Me gustaría tener el don narrativo de Zola, para recrear cuadros y sinfonías de los supermercados actuales. Reconstruir los estantes con la palabra escrita. No importa; el bodegón persiste: la fotografía publicitaria es la que promueve este género, ya no con fines religiosos o estéticos sino para vender productos. La verdad se me antoja ver bodegones actuales, hechos a la vieja usanza, sobre tela y con óleo: platones de cereales coloridos, latas abiertas impregnadas de aceites y almíbares, fuentes con nuggets de pollo y papas a la francesa congeladas esperando la freidora, tallarines, sopa de letras, galletas de ositos, rebanadas de pan de caja en abanico, cubos de gelatinas de colores imposibles, y todo sobre una cama de golosinas resinosas.

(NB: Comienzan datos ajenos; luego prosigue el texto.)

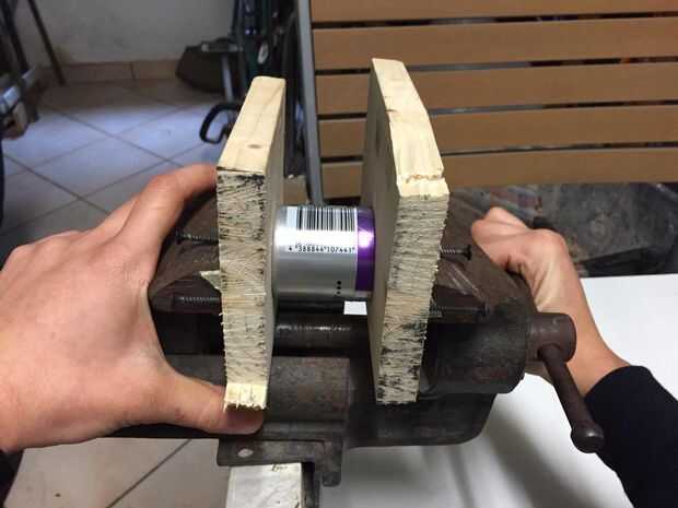 Utilizar la prensa para empujar la pieza de 3cm dentro de los 4, 5 cm uno (obviamente con las muescas del combustible en la parte inferior).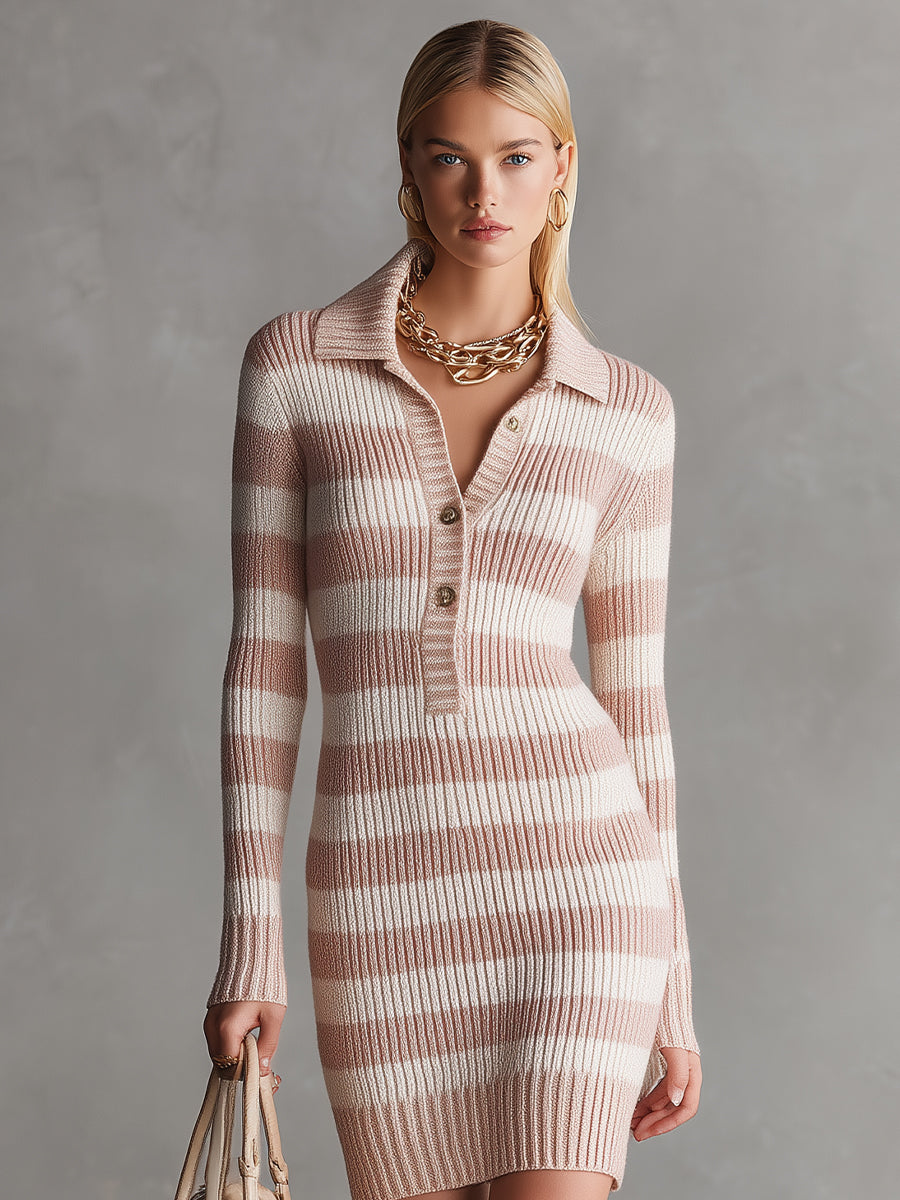 Women's Beige & Pink Striped Knit Chic Polo-Collar Buttoned Mini Dress MDA0190K7I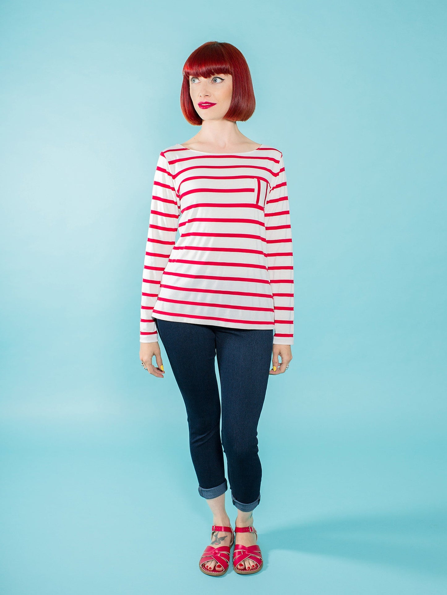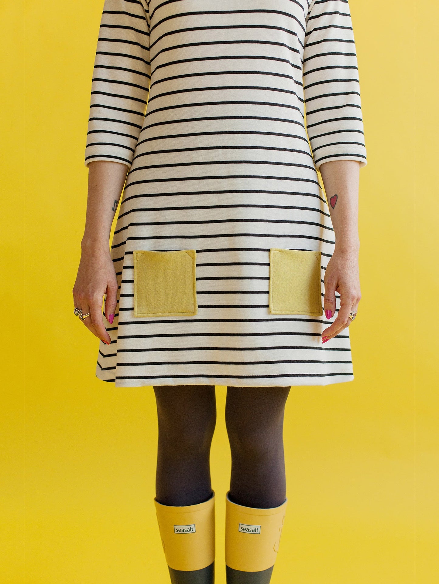 Fill your wardrobe with classic Breton tops, cosy knit dresses and sixties-style funnel necks - all from the same pattern and no overlocker or serger required! Choose from top or dress length, boat neckline or funnel roll neck, long or three quarter sleeves with optional rolled cuffs and patch pockets.

Hasta le escribiría a Zola, al más allá, para que viera nuestros nuevos mercados. Imagino su cara de asombro, espectral, cuando sepa que puedo leer sus libros en mi idioma, en un pdf, sobre una pantalla que brilla como el mismísimo sol. Decirle que aunque lo han criticado, sus novelas todavía nos asombran a muchos lectores. Decirle que en algo tenía razón, pero que el hombre es horrendo no por lo que le toca vivir sino porque está en su naturaleza. Sí, que el hombre es como el alacrán de aquella fábula. Porque aunque en nuestros bodegones todo está empacado y hemos llegado al no va más de la conservación de alimentos, ahorita, en este momento, aquí, en mi mortandad, la gente muere de inanición en algún lugar del mundo mientras yo tengo mi alacena llena de latas cuya fecha de caducidad me hace dudar que dentro de ellas exista algo natural. Compartiremos la cara de asombro, la suya, espectral, la mía de carne y hueso. Nos avergonzaremos al descubrir que la palabra escrita nada puede hacer, sólo sabe preservar y soñarse transformadora. En fin, mejor les dejo un bodegón del buen Zola:
“El año pasado, el día de Noche Buena, cuando estaba yo en casa de mi tía Lisa, el mancebo de la salchichería, ese idiota de Augusto, ya sabe usted, estaba arreglando el escaparate. ¡Ah, desgraciado! Me puso en el disparador por la manera muelle con que disponía el conjunto. Le rogué que se quitara de en medio, diciéndole que yo iba a pintar aquello, con algo de decencia. Figúrese usted que yo tenía todos los tonos vigorosos, el rojo de las lenguas embutidas, el amarillo de los jamoncillos, el azul de los papeles, el rosa de las piezas empezadas, el verde de las hojas, y sobre todo el negro de las morcillas, un negro soberbio que no he podido encontrar nunca en la paleta. Naturalmente, los redaños, las butifarras, las salchichas, los pies de cerdo rebosados me daban colores neutros de gran delicadeza. Entonces hice una verdadera obra de arte. Tomé las fuentes, los platos, los barreños, los tarros; dispuse los tonos y armé una naturaleza muerta asombrosa, en donde estallaban petardos de color, sostenidos por discretas gamas. Las lenguas rojas se alargaban con gula, de llamas, y las negras morcillas, en el canto claro de las butifarras, ponían las tinieblas de una indigestión formidable.”